Tengo ante mí el decreto del 8 de noviembre del 2005, publicado el viernes 9 de diciembre de ese año en el Diario Oficial de la Federación. Por dicho decreto se declara reformados los artículos 14, segundo párrafo y 22 primer párrafo, y derogado el cuarto párrafo de dicho artículo 22 de la Constitución Política de los Estados Unidos Mexicanos. Así, el artículo 14 reformado establece que nadie podrá ser privado de la libertad, de sus propiedades, posesiones o derechos, sino mediante juicio seguido ante los tribunales previamente establecidos, en el que se cumplan las formalidades esenciales del procedimiento y conforme a las leyes expedidas con anterioridad al hecho.

El reformado artículo 22 establece la prohibición de la pena de muerte, de mutilación, de infamia, la marca, los azotes, los palos, el tormento de cualquier especie, la multa excesiva, la confiscación de bienes y cualesquiera otras penas inusitadas y trascendentales.

Respecto al tema de la aplicación o no, de la pena de muerte, del 2000 a la fecha se han presentado 5 iniciativas, entre ellas una del ejecutivo federal, las cuales fueron analizadas y dictaminadas.

Las iniciativas concluyen y coinciden, con base en estudios jurídicos y científicos que el establecimiento de la pena de muerte no disminuye la criminalidad ni cumple la función intimidatoria y correctiva entre las personas que delinquen; por ello, resulta una medida injusta e innecesaria.

En el siglo XVIII Beccaria señalaba parecerle absurdo que las leyes, expresión de la voluntad pública, detesten y castiguen el homicidio, el cual lo cometen ellas mismas y que para alejar a los ciudadanos del asesinato, ordenen uno público. Esto es volver a tiempos superados del Circo Romano, de la Santa Inquisición, de las ordalías y de la oprobiosa guillotina, que daban satisfacción al morbo público que con enfebrecida algarabía no se perdía la visión de esos crueles espectáculos.

En el Constituyente de 1917, durante la discusión sobre la pena de muerte, el diputado Ríos levantó la voz expresando: “si no queréis que se mate, empezad vosotros señores asesinos… (y al Estado le cuestionaba)… ¿no es absurdo pensar que se pueda ordenar una muerte pública para prohibir a los ciudadanos el asesinato?

Eduardo Frey ex presidente de Chile, respecto a la aplicación de la pena de muerte manifiesta: “no puedo creer que para defender la vida y castigar al que mata, el Estado deba a su vez matar.

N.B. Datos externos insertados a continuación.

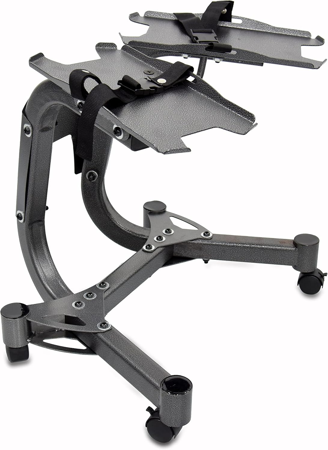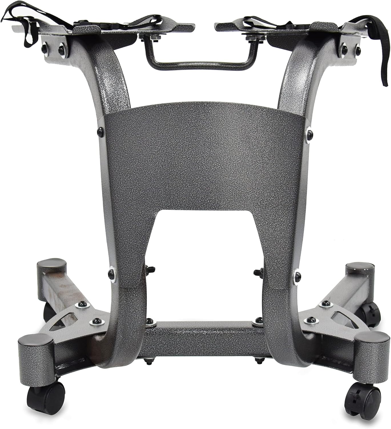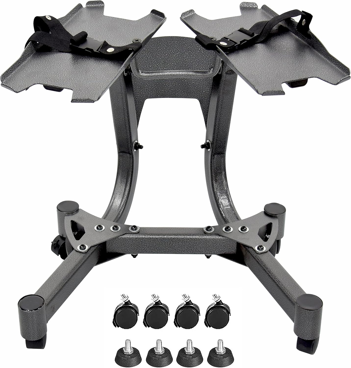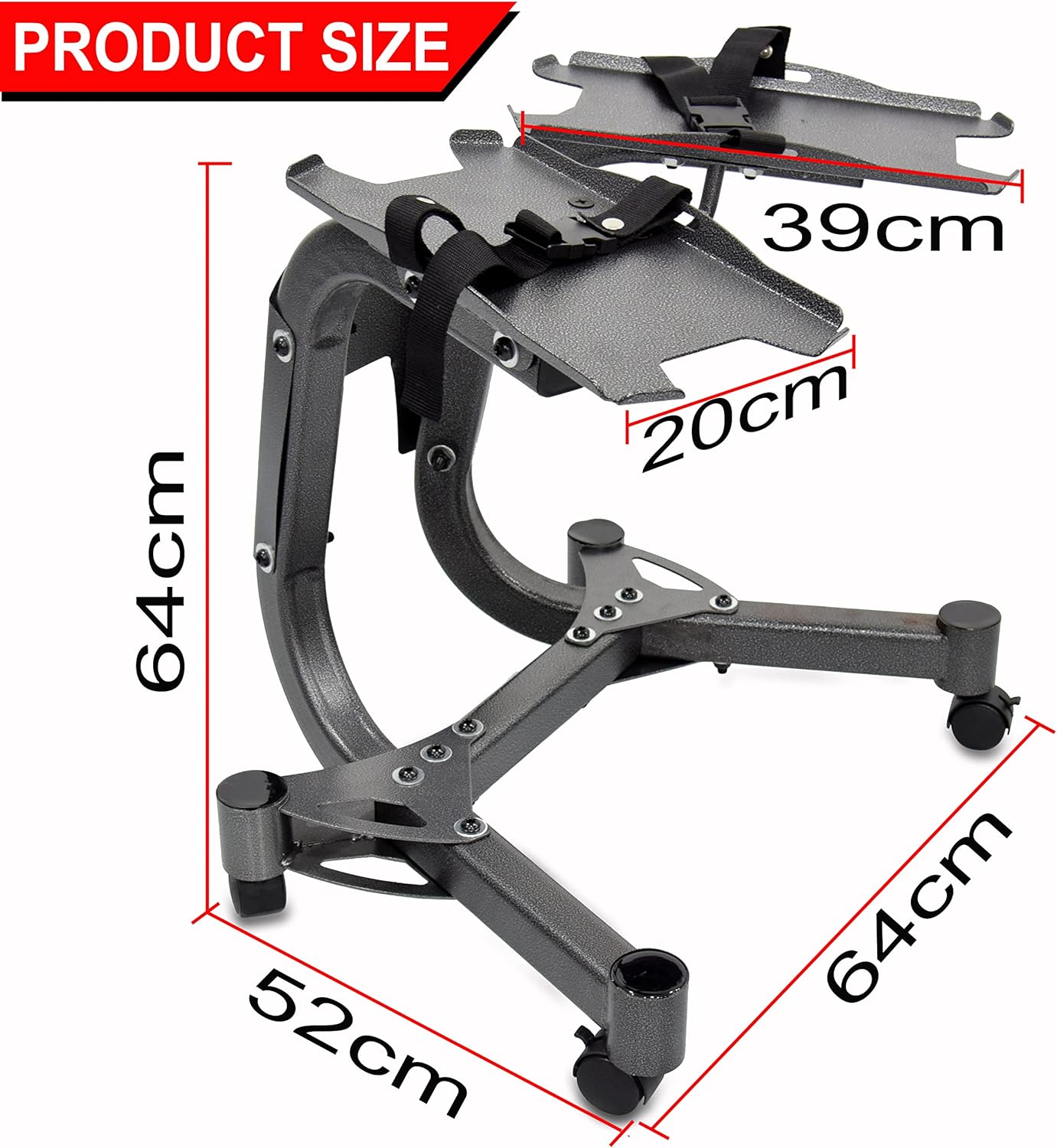 Equipped with heavy-duty locking casters, this stand offers easy mobility and a stable, anti-slip foundation once locked. The large 39 cm x 20 cm cradles accommodate most adjustable dumbbell brands securely. Built from high-quality stainless steel, it includes safety straps for extra protection.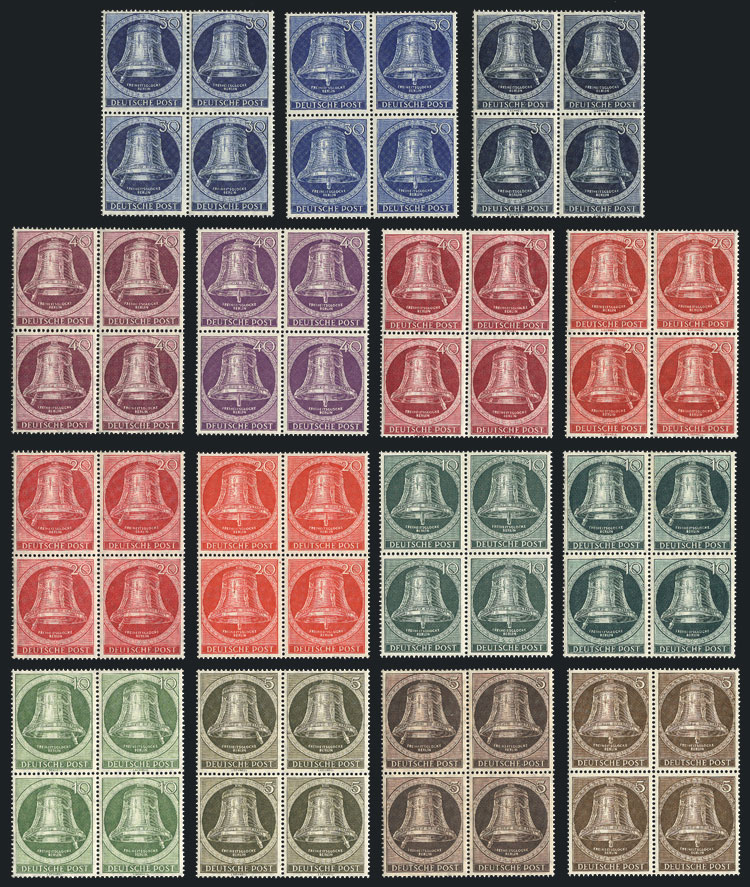 + 68/72 + 87/91, 1951, 1952 and 1953 Liberty Bell, the 3 complete sets of 5 values in blocks of 4, the top stamps are very lightly hinged (barely visible mark), and bottom stamps MNH, excellent quality, catalog value Euros 1,030. (Image)

La pena de muerte es tan inhumana como el crimen que la motiva”. De igual manera el juez Sachs del Tribunal Constitucional Sudafricano sustenta en 1995: “todas las personas deben tener derecho a la vida. Si no es así, el asesino adquiere involuntariamente una definitiva y perversa victoria moral al convertir al Estado también en asesino, reduciendo de esa manera el aborrecimiento de la sociedad hacia la extinción deliberada de otros seres humanos”. En ese mismo tono, el 17 de febrero de 2003 Vicente Fox Quesada manifiesta: “De manera personal y como presidente de la República me opongo totalmente a que en este país se establezca la pena de muerte. Creo que todos los países democráticos, quienes creemos en el ser humano no apoyamos la pena de muerte. Yo rechazo tajantemente esto en nuestro país”. Tal declaración es congruente con la denuncia que presentó México en contra de los Estados Unidos de América ante la Corte Internacional de Justicia de La Haya para evitar la ejecución de 54 de nuestro compatriotas condenados a la pena capital, pues no sería comprensible que a nivel internacional repudiemos su aplicación y a nivel interno sí deseáramos aplicarla. Inclusive la Corte Internacional de Justicia de La Haya condenó moralmente a Estados Unidos de América y ordenó la suspensión de la ejecución de 3 condenados a la pena capital y está a la espera ilusoria de que Estados Unidos acate dicha resolución.